As artificially constructed, baseball players labor market has been cross-segmented into three tiers of experience: Tier 1 (T1) = 0-2 years of service for players who are effectively controlled under a vestige of the former MLB player reserve system, Tier 2 (T2) = 3-5 years of service for arbitration eligible players, and Tier 3 (T3) players with 6 full years of MLB service  are free agents. On average T1 players are paid the minimum MLB salary which is roughly one-third of their marginal revenue product ($WAR), T2 players are paid about two-thirds of their MRP and T3 is paid about a third more than MRP or $WAR.

Underpayment in Tier 1 is justified economically as player development cost recovery (which has shifted to NCAA in the last decade). Over-payment in Tier 3 is the systematic outcome of the artificial limitation of the number of players eligible for free agency.

MLB teams have one buyer (monopsony) power of exploitation of players under their control in T1 and T2, which switches after 6 seasons to one seller (monopoly) power of free agent players over the clubs in Tier 3. In a free agent auction the winning bid systematically pays the player the highest estimate of his value rather than the most accurate estimate.

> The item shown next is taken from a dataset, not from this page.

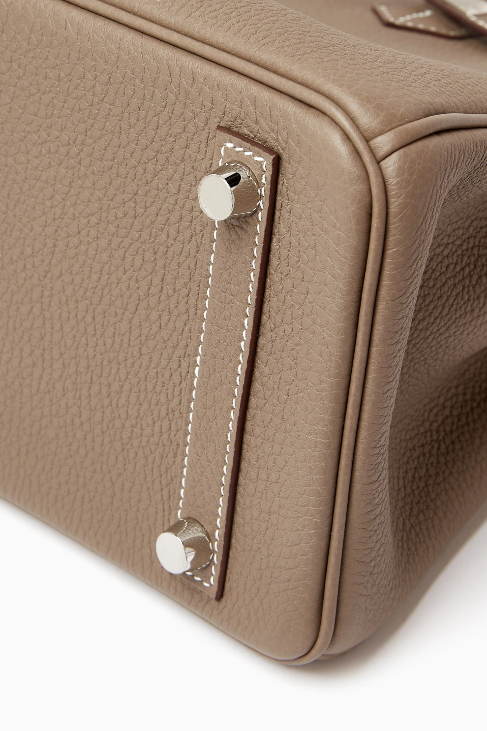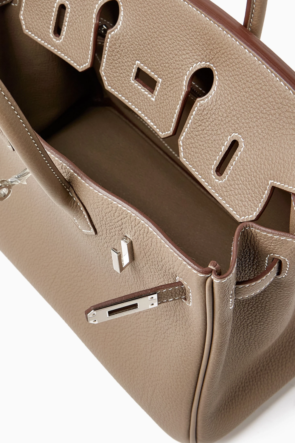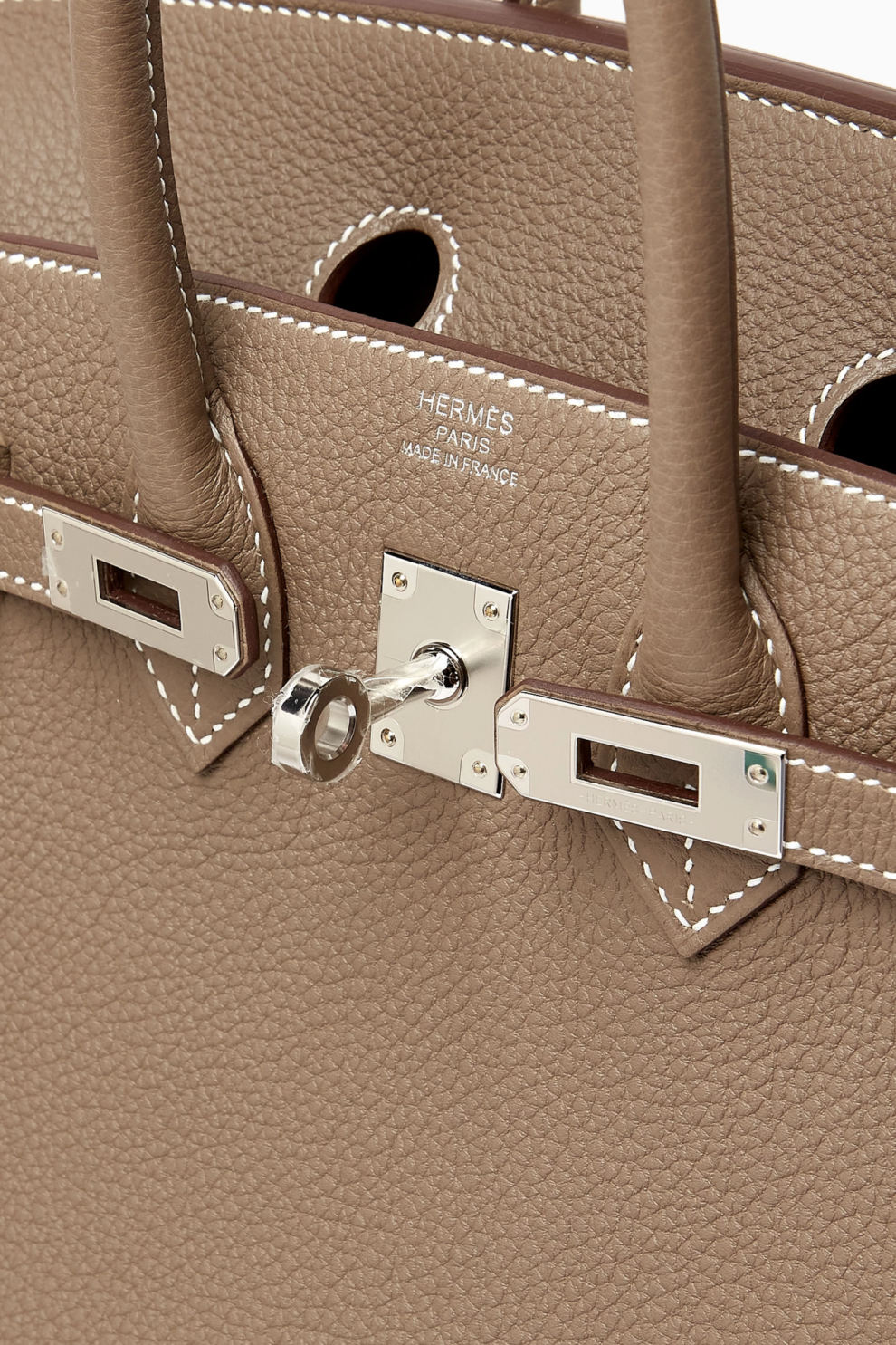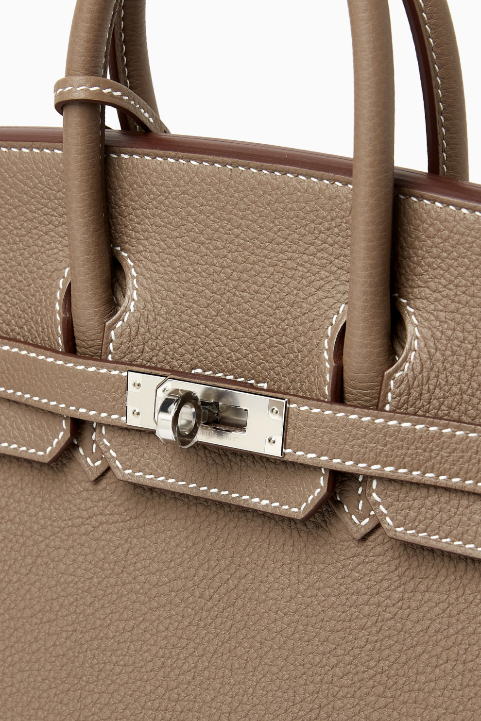 Фурнитура с палладиевым покрытием (Palladium Hardware, PHW) придаёт изделию современный и сдержанный блеск, элегантно контрастируя с нейтральной глубиной оттенка Etoupe. Знаковая конструкция Birkin с характерным клапаном и ремешками остаётся символом безупречного мастерства и вневременного стиля.

The internal market solution to competition is when mid-market clubs develop their own bargain underpaid (exploited) talent in Tier 1 and 2 and release their systematically overpaid talent in T3. Baseball’s current “tanking problem” occurs when large market clubs adopt the same efficient internalization strategy followed by mid-market clubs over the course of MLB’s 8-10 year talent cycle.

  1. What do the 2019 and 2018 off seasons tell consumers and baseball players about the path free agency is heading? Are the days of the 10 year contract over?

We are experiencing the de facto end of Tier 3 free agency as we have known it since 1976. The days of the inefficient ten-year contract are toast.

  1. Is baseball hurting from Harper and Machado not signing or is it creating more consumer intrigue?

As the labor market is currently constructed, Harper and Machado are simply not worth the risk. Fans in all markets regardless of size prefer home-grown talent. Large market price setters burned in the past by the winner’s curse of inefficient free-agent signings are gradually adopting the passive wait and see price taking attitudes of the mid-market clubs of the present.

  1. How can the MLB become more engaging, particularly with consumers of younger generations?

Build a winning team the home-grown baseball way, and they will come.

  1. Do you think a strike is in the cards for the player’s association if they feel that they are being colluded against?

The MLB solution is relatively simple. Teams are not necessarily colluding if they are all following the efficient price signals of the market particularly in the free agent Tier 3. It is probably time to reconsider the artificially segmented labor market for MLB players under the current reality of the baseball world.

Set the seniority requirement for free agent eligibility at four years of MLB service instead of six. MLB clubs can still recover player development costs and the price and terms of T3 free agent contracts will move toward their true and efficient market value.